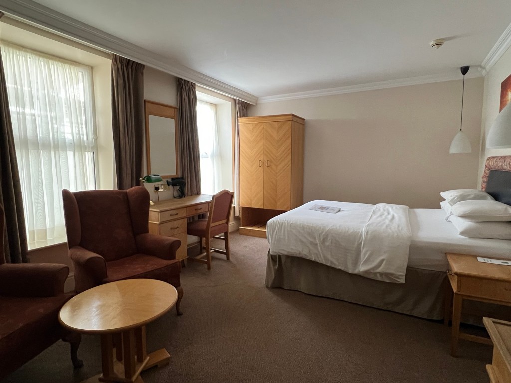 This nights hotel is Ballygally Castle Hotel. The room is great and so is the location and service. The restaurant isn’t so impressive though. We wanted to order some monk fish, but that was no longer available. So, we ended up with a dry hamburger instead.
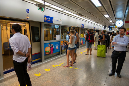 BANGKOK : Passengers on a Metropolitan Rapid Transit (MRT) subway train on 26 february 2015 in Bangkok. Thailand. The MRT serves 240,000 people daily with 18 stations and 27 km of track.
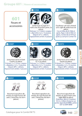 Groupe 601 : Roues et accessoires
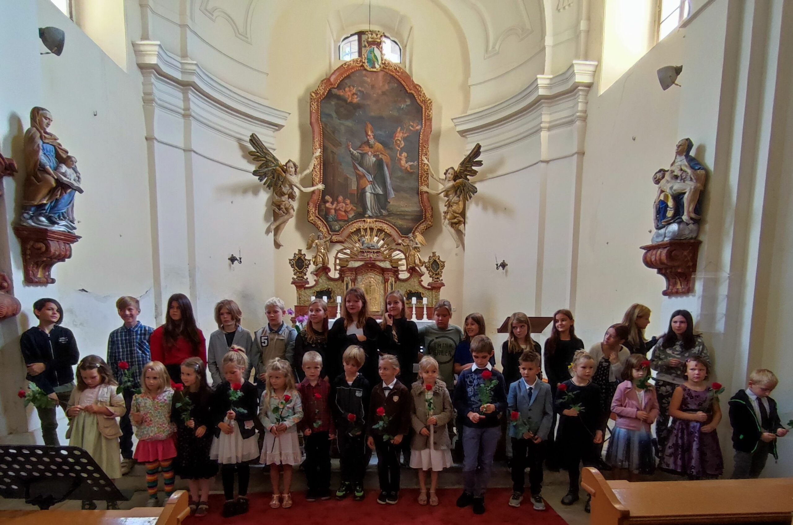 Třebušín – Slavnostní zahájení školního roku proběhlo již tradičně v kostele svatého Mikuláše v Třebušíně. Patnáct prvňáčků přivítala nejen nově zvolená paní ředitelka Kristýna Brabcová, ale také starostka Třebušína paní Dana Legnerová a třídní učitelka Věra Dvořáková.
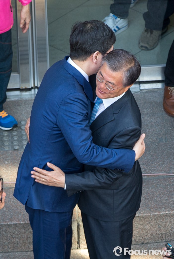 (광주=포커스뉴스) 김홍걸 국민통합위원장이 8일 오후 광주광역시 동구 충장로에서 시민들에게 "문재인 전 대표 아버지(故 김대중 전 대통령) 배신하지않았다"는 입장을 밝힌 뒤 문 전 대표와 포옹 하고 있다.
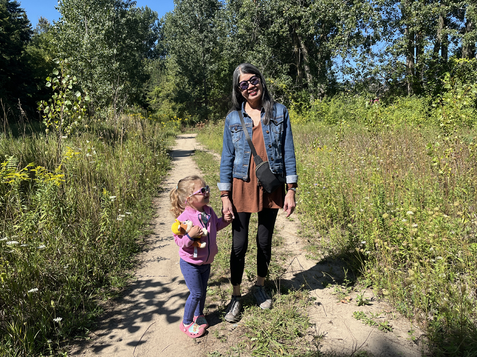 She enjoys walks in the woods near our house and we try and get her out and into them several times during the summer. This year, we took her down to watch the salmon run so she gets to learn about the local wildlife while developing an appreciation for nature. At least I like to think she is. I did get her to help me weed the garden this summer 🙂
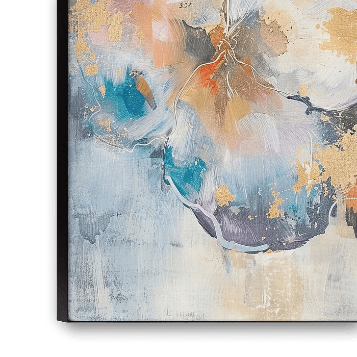 Whimsical Flower Symphony - This abstract painting shows a vibrant and expressive composition of flower-like shapes, mixed with dynamic and splashing paint strokes. The brushstrokes suggest organic shapes, reminiscent of large, lush flowers. The background is a subtle mix of grey and white tones, over which the flowers seem to float. Accents of gold splashes enrich the composition, giving it a sense of luxury and movement. The flowers themselves are not realistic; they are stylised with colourful outlines in shades of blue, orange, pink, and purple, creating a dreamy and almost ethereal atmosphere. This artwork uses various techniques such as dripping and splashing, contributing to a sense of spontaneity and freedom.
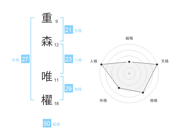 重森 唯櫂さんの総格は50画の2点!
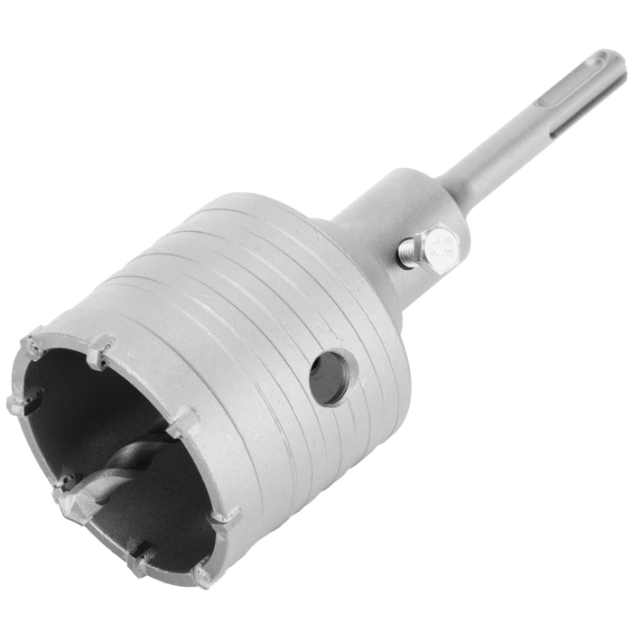 The hole saw, included with a shank, is used as an accessory for SDS PLUS hammer drills. It is designed for drilling in concrete and can be used at home. The hole saw is useful during renovation work for creating openings for pipes, sockets, and switches.
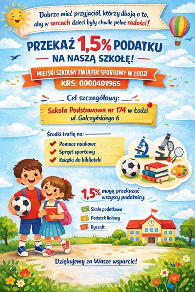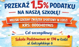 zwracamy się do Was z serdeczną prośbą o wsparcie naszej szkoły poprzez przekazanie 1,5% podatku za 2025 rok.
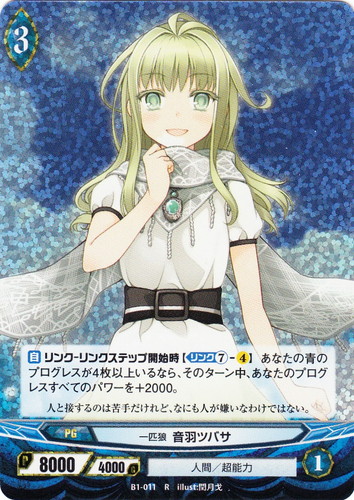![]() ![]() | B1-011 一匹狼 音羽ツバサ プログレス ブースターパック 第1章 青蘭の聖少女 R(foil) 世界:青 種族:人間 分類:超能力 レベル:3 パワー:8000 ガード:4000 ストライク:1 【自】リンク-リンクステップ開始時【リンク⑦-4】あなたの青のプログレスが4枚以上いるなら、そのターン中、あなたのプログレスすべてのパワーを+2000。 人と接するのは苦手だけれど、なにも人が嫌いなわけではない。 illust:閏月戈 |
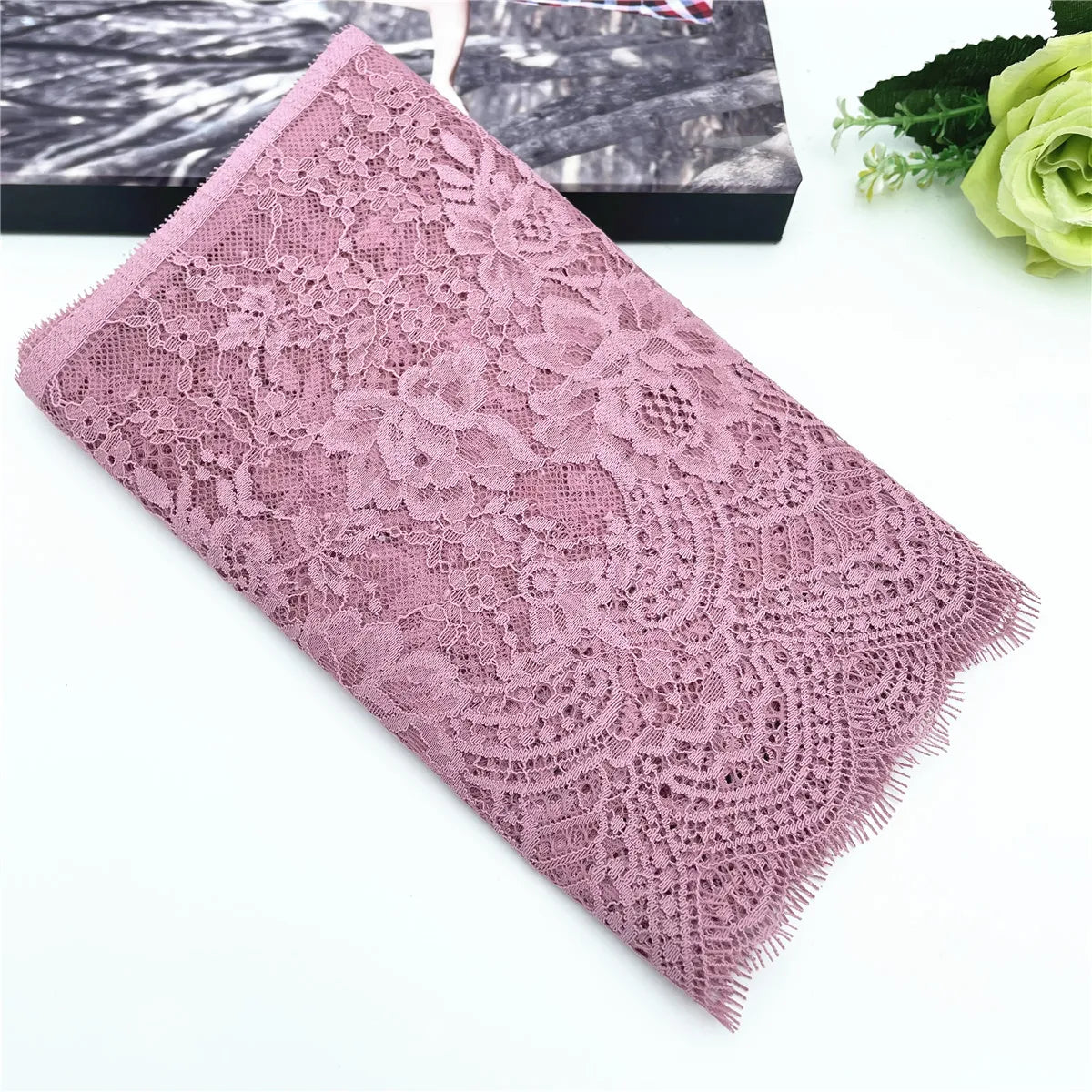 Width 24.50cm Lake Blue Non-Stretch Eyelash Lace Trims Dark Purple For Clothing Accessories Dress Sewing Applique Costume Lace Fabrics Skirt
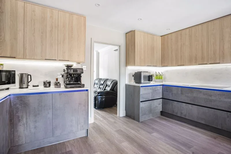 Triple glazed window to rear aspect. Fitted with a range of base and eye level units with Corian work surface and backsplash, two integrated extractor hoods, integrated induction hob and double oven, inset composite sink with mixer tap, space for dishwasher and fridge freezer.
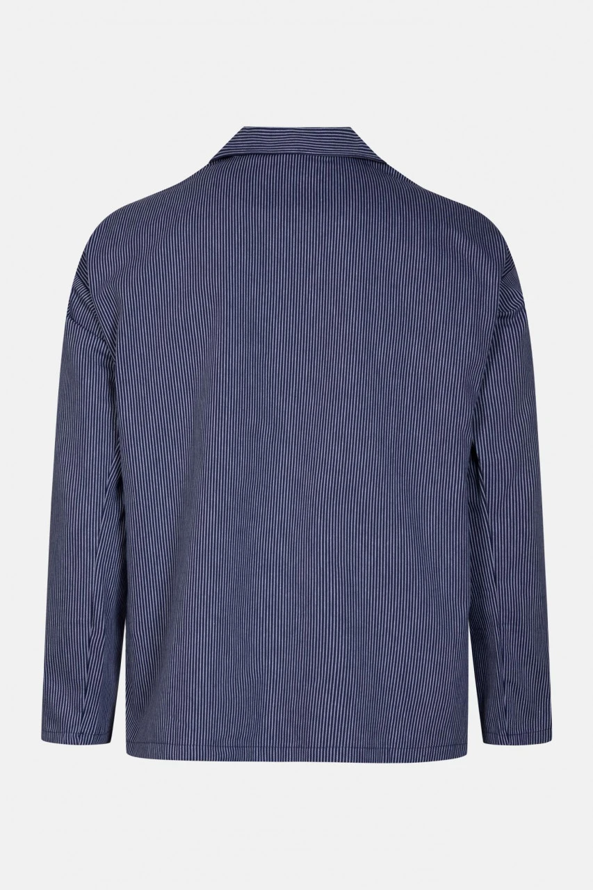 Takelhemd in leger-bequemer Schlupfform. Mit zwei praktischen seitlichen Schubtaschen, dekorativen Knopfriegeln am Ausschnitt und geknöpften Ärmelbündchen.
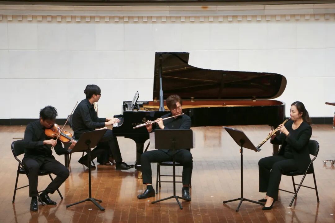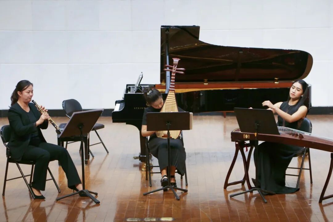 音乐会作曲以独特的创作视角展现艺术与文化的深度融合。青年作曲家刘豫徽的《思南・凤栖簧》(琵琶:特邀焦子珊)作为“思南”系列第二部,深入挖掘黄梅戏音乐及其历史语境,将传统戏曲元素与现代作曲技法巧妙结合。广西艺术学院教师团队亦贡献多部力作:丁铃创作的钢琴独奏《山语》(钢琴:陈天乐),灵感源自马栋梁教授诗词《山语・咏志》,以琴音勾勒山野幽然、竹影摇曳的意境;邱阳创作的《暮霞潮声》(长笛:李昂、双簧管:徐晓、小提琴:黄鹏、钢琴:陈天乐)“为长笛、双簧管、小提琴与钢琴而作”,以音绘景,捕捉暮色与潮汐交织的朦胧美感;邱玉兰创作的《渡影》(双簧管:徐晓、琵琶:毕加杞、古筝:杨旻谕),从宁明花山崖壁画中汲取灵感,通过双簧管、琵琶与古筝的对话,重现壮族先民的生活图景与精神世界;易俏创作的《侗族音画》(钢琴:陈天乐)将侗族大歌融入钢琴独奏,以灵动音韵展现侗族文化的魅力;吴丽云的《星舞》(长笛:李昂、双簧管:徐晓、小提琴:黄鹏、大提琴:赵瑞青)以长笛、双簧管、小提琴与大提琴编制,令音符如星辰般翩跹“舞动”;陈威的《木叶漂流记》(小提琴:黄鹏、万俊兰 中提琴:戴贞贞 大提琴:赵瑞青 钢琴:陈天乐)以钢琴五重奏形式,融汇广西“木叶”乐器意象,讲述千年音乐传承的漂流之旅;刘睿的《空山孤氲》(双簧管:徐晓 钢琴:陈天乐)援引张九龄《湖口望庐山瀑布泉》诗意,借双簧管与钢琴营造空灵幽远的山水意境;戴伟与研究生郭成朗共创的《鼓楼叠梦》(小提琴:黄鹏、琵琶:毕加杞、笙:熊昊、二胡:马恒钰、大提琴:赵瑞青、钢琴:陈天乐、打击乐:吴俊菲)则以室内乐组曲形式,展现侗族文化的深厚底蕴与艺术张力。
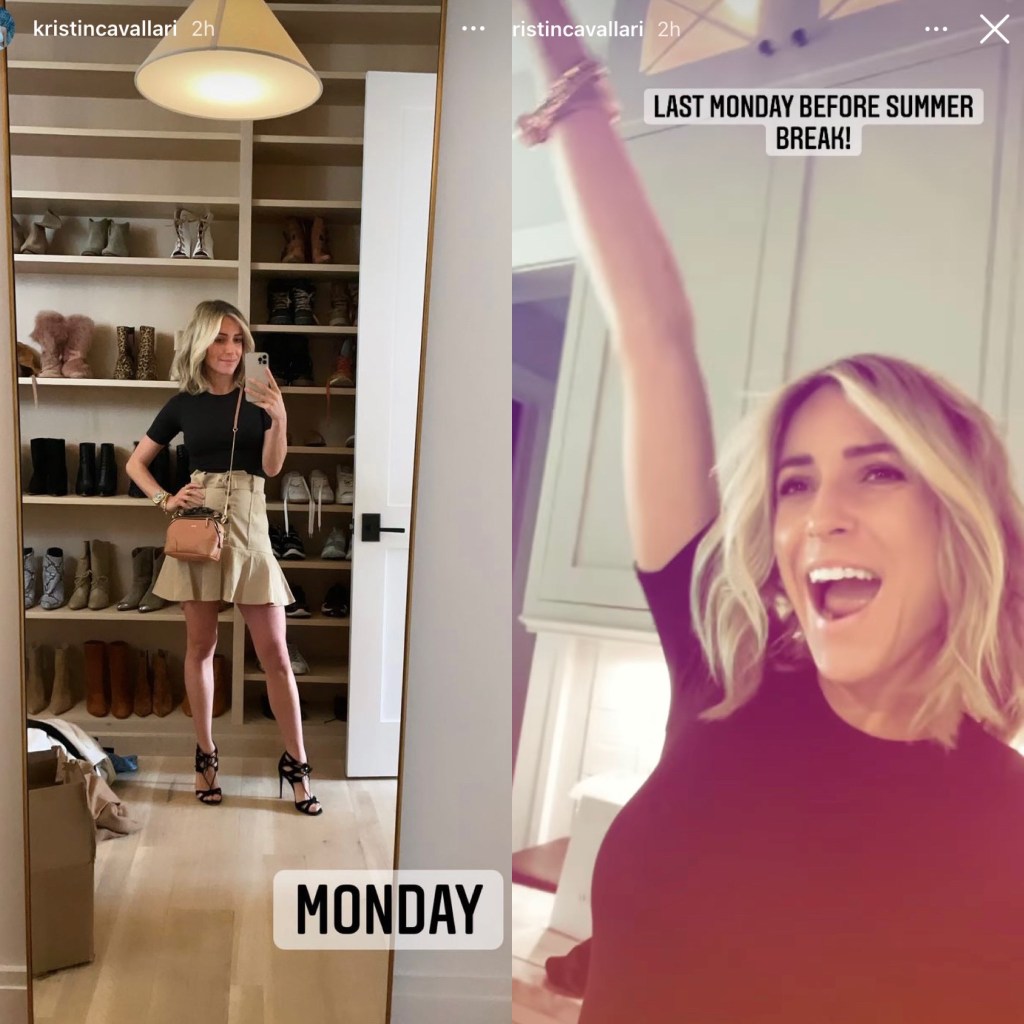 Kristin Cavallari kicked off the new week today by showing off a Monday look of black short sleeve blouse, beige skirt, black high heel sandals, and brown handbag, followed by a big hands up cheer for this Monday being the last Monday before Kristin’s children are out of school for the summer.

______________________________

- [PROMPT]: Only one stretch of the data is wanted: write out exactly the lines from the one holding "zwracamy się do" through the one holding "Triple glazed window", both included, without the pictures.

- [EXERCISE RESPONSE]:
 zwracamy się do Was z serdeczną prośbą o wsparcie naszej szkoły poprzez przekazanie 1,5% podatku za 2025 rok.
![]() ![]() | B1-011 一匹狼 音羽ツバサ プログレス ブースターパック 第1章 青蘭の聖少女 R(foil) 世界:青 種族:人間 分類:超能力 レベル:3 パワー:8000 ガード:4000 ストライク:1 【自】リンク-リンクステップ開始時【リンク⑦-4】あなたの青のプログレスが4枚以上いるなら、そのターン中、あなたのプログレスすべてのパワーを+2000。 人と接するのは苦手だけれど、なにも人が嫌いなわけではない。 illust:閏月戈 |
 Width 24.50cm Lake Blue Non-Stretch Eyelash Lace Trims Dark Purple For Clothing Accessories Dress Sewing Applique Costume Lace Fabrics Skirt
 Triple glazed window to rear aspect. Fitted with a range of base and eye level units with Corian work surface and backsplash, two integrated extractor hoods, integrated induction hob and double oven, inset composite sink with mixer tap, space for dishwasher and fridge freezer.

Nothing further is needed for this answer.